I thought I saw Louis looking a bit stunned in her helmet, and asked if she was surprised, to which she replied, ‘Yes…’. Sensing some hesitation, I asked if she’d like to do a few laps around the track, to which she replied, ‘I’m not very good at track cornering…’ For a rider who’d ridden alone halfway around the world, I thought that was quite honest. I offered to show her the line around the track, and off we went. The track itself was a short burst of merriment, more suited for a go-kart than a highway bike. The Dominar could complete a lap without getting out of second gear, but it was fun nonetheless. I went round and round, till my wrists could heave the Dominar around no longer. After they’d recovered sufficiently, I went around some more.
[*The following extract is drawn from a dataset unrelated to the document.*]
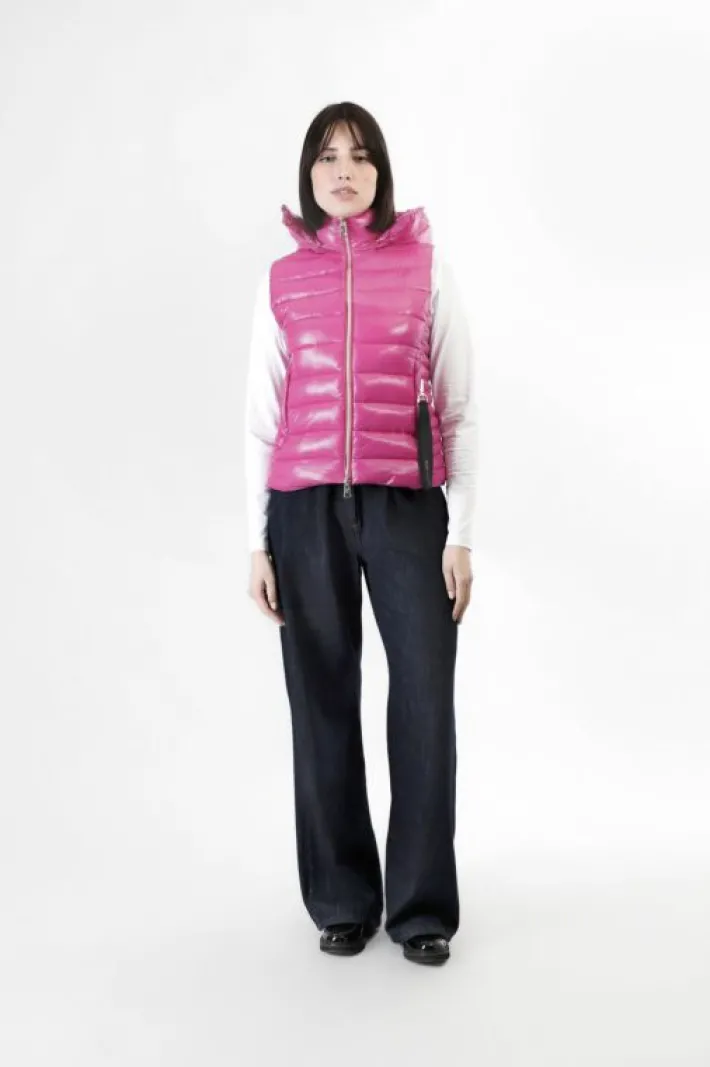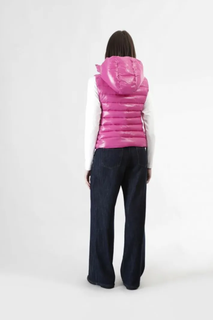Gilet corto dalla forma essenziale realizzato in nylon ultralight dalla finitura lucida. il capo presenta un cappuccio removibile. capo perfetto per attacco stagione.

There’s nothing like free track time, after all.
Barrelling into the last hairpin on the track, I noticed Louis standing there with her smartphone pointed at me, and I nearly lost the front end. As I got back on the throttle, I wondered what the difference was between an influencer and a motoring journalist, besides the obvious ones, and whether they mattered at all. In the end, anyone who really rides motorcycles will find it impossible to remain shallow, right? Or at least that was the hope anyway, as I remembered the gazillion reckless and helmetless chaps who show up on my Instagram. And the next time I went around the fastest kink on the track, the Dominar grounded its left footpeg hard and announced that it was time to leave while I still could on the bike.
There’s something about riding in memory of a person that struck close to home. However, Louis didn’t just ride nonstop to Australia; along the way, she taught children English, taught people how to use a laptop, and just stayed longer in places she liked. And once in Australia, she watched wild kangaroos fall asleep in her Dominar’s shadow when she stopped for a break. The tiny ones, that is, not the muscular ill-tempered ones that are usually found in Ozzy Man’s videos. And Farland’s parents were at the finish line in Australia, too, so she did complete that ride for him.
‘I ended up doing a lot of things that Alistair liked, purely by chance, like scuba diving and skydiving. I realised that when I stayed with his family. For everyone else, it was a ride. For me, it was my entire life. Looking back, I wish I’d taken longer, maybe a year or so. And it affected me a lot when I came back. It happens to all long-distance travellers; you change a lot on the road, but things back home remain the same. It took some months to get used to being back.’ Next, she wants to ride from India to Africa, but thanks to the pandemic, yet another epic ride remains indefinitely postponed. Fingers crossed for her, then.
The effect of social media is as immediate as it is fleeting; if you can remember everything you saw on your phone yesterday and the day before, feel free to disagree with me. However, a motorcycle on a road is a very real phenomenon and is always etched in memory. That’s why it doesn’t matter who says or does what, all that matters is the ride, and Louis is a great example of it. She’s what each of us is — a rider on an unforgettable journey.